The PHQID Incentive Payment Structure Creates Cliff Effects and Penalizes Hospitals That Perform Well. The Premier demonstration payment structure provided financial rewards only to hospitals that performed in the top two deciles of performance, based on a relative comparison of performance among hospital participants in each year of the program. Across the board, hospital participants expressed dislike for the design of the incentive structure. They noted it created a cliff effect (all or nothing payment) by rewarding hospitals at or above the 80th percentile performance and not rewarding any hospital that fell below this cut point—even when there was no statistical difference in their performance. Hospitals felt they were being penalized unfairly under a relative scoring method when most hospitals were scoring at or close to 100 percent—which occurred for several of the performance indicators that had effectively topped out. One hospital cited, as an example, that for aspirin at arrival, the top four decile groups had effectively achieved 100 percent compliance with the performance measure, yet only the top two deciles were paid incentive dollars. Several hospitals questioned the value of having hospitals expend substantial resources chasing the top tail of the performance distribution when performance scores were so tightly clustered to the top right end of the distribution, expressing a belief that the relative benefit to patients was small and that it effectively was causing hospitals to divert resources that could be deployed to lower-performing areas that were not incentivized.

 Over time, as providers make improvements, the compression of performance scores toward the top end of the performance distribution (i.e., the ceiling effect) will present challenges to P4P program sponsors that seek to differentiate providers on a relative performance basis. Common remarks by hospitals included: “All should get the bonus if they achieve top levels of performance,” and “Rewarding the top two deciles is meaningless when the scores are so compressed at the top end.” Other hospital comments reflected frustration with the relative performance incentive structure, for example: “Every time we do better the bar gets higher” (the hospital noted that it was effectively 100 percent on some measures and got no incentive dollars); “Funding [is] only for [the] top 20 percent of hospitals, so 80 percent are spending dollars to improve and getting nothing in return.”

Another reason why hospitals expressed a dislike for using a relative incentive structure is that this approach creates uncertainty about what level of performance is required to win. One hospital said, “The performance bar is constantly shifting up, and it is an unknown to hospitals.” Only at the close of the year, after the hospitals are arrayed in the rank order of their performance, does a hospital know what level of performance was required to hit the 80th percentile of performance to win. Hospitals and their professional associations expressed a strong preference for using an absolute performance threshold as the basis for determining whether a hospital would receive an incentive payment. The absolute threshold was viewed as a preferred approach to structuring an incentive payment because it is “predictable,” “allows a hospital to know in advance what performance target [it] would need to hit,” and “allows all who meet the threshold to secure the bonus.” 

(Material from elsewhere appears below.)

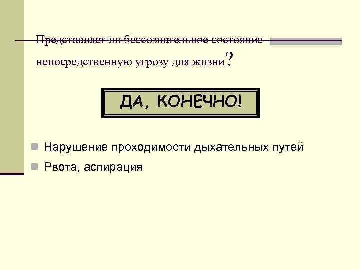 Представляет ли бессознательное состояние непосредственную угрозу для жизни ? ДА, КОНЕЧНО! n Нарушение проходимости дыхательных путей n Рвота, аспирация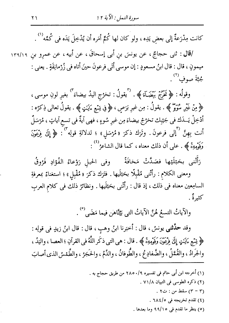 وَمَعْنَى الْكَلَامِ: رَأَتْنِي مُقْبِلًا بِحَبْلَيْهَا، فَتَرَكَ ذِكْرَ مُقْبِلٍ اسْتِغْنَاءً بِمَعْرِفَةِ السَّامِعِينَ مَعْنَاهُ فِي ذَلِكَ، إِذْ قَالَ: رَأَتْنِي بِحَبْلَيْهَا؛ وَنَظَائِرُ ذَلِكَ فِي كَلَامِ الْعَرَبِ كَثِيرَةٌ. وَالْآيَاتُ التِّسْعُ: هُنَّ الْآيَاتُ الَّتِي بَيَّنَّاهُنَّ فِيمَا مَضَى.

Hospitals also expressed support for establishing a lower threshold in order to be able to qualify for an incentive. It was noted that this threshold should “increase as more institutions met the minimum bar.” Our discussions found lukewarm support among individual hospitals for paying for improvement: “Hospitals should meet a minimum standard of excellence to be allowed to care for patients, so you don’t want to pay for improvement that occurs below this threshold.” Hospital associations, however, strongly supported paying on the basis of improvement.

At This Stage, It Is Unclear Whether PHQID Is Causing Unintended Consequences. While most hospitals stated they did not believe the focus on a limited set of performance measures has led to unintended consequences, such as ignoring other clinical areas, they did say that limited staff and financial resources had caused them to focus heavily on what was being measured and rewarded—providing support to those who claim financial incentives promote teaching to the test. Most hospitals said they either did not know whether negative consequences were occurring or were not specifically tracking them. One hospital remarked, “If anything, PHQID has increased activity and focus, and other quality improvement investments are being made, such as EHRs, CPOE, and use of intensivists, which will drive improvements across the board, not just on those things being incentivized.”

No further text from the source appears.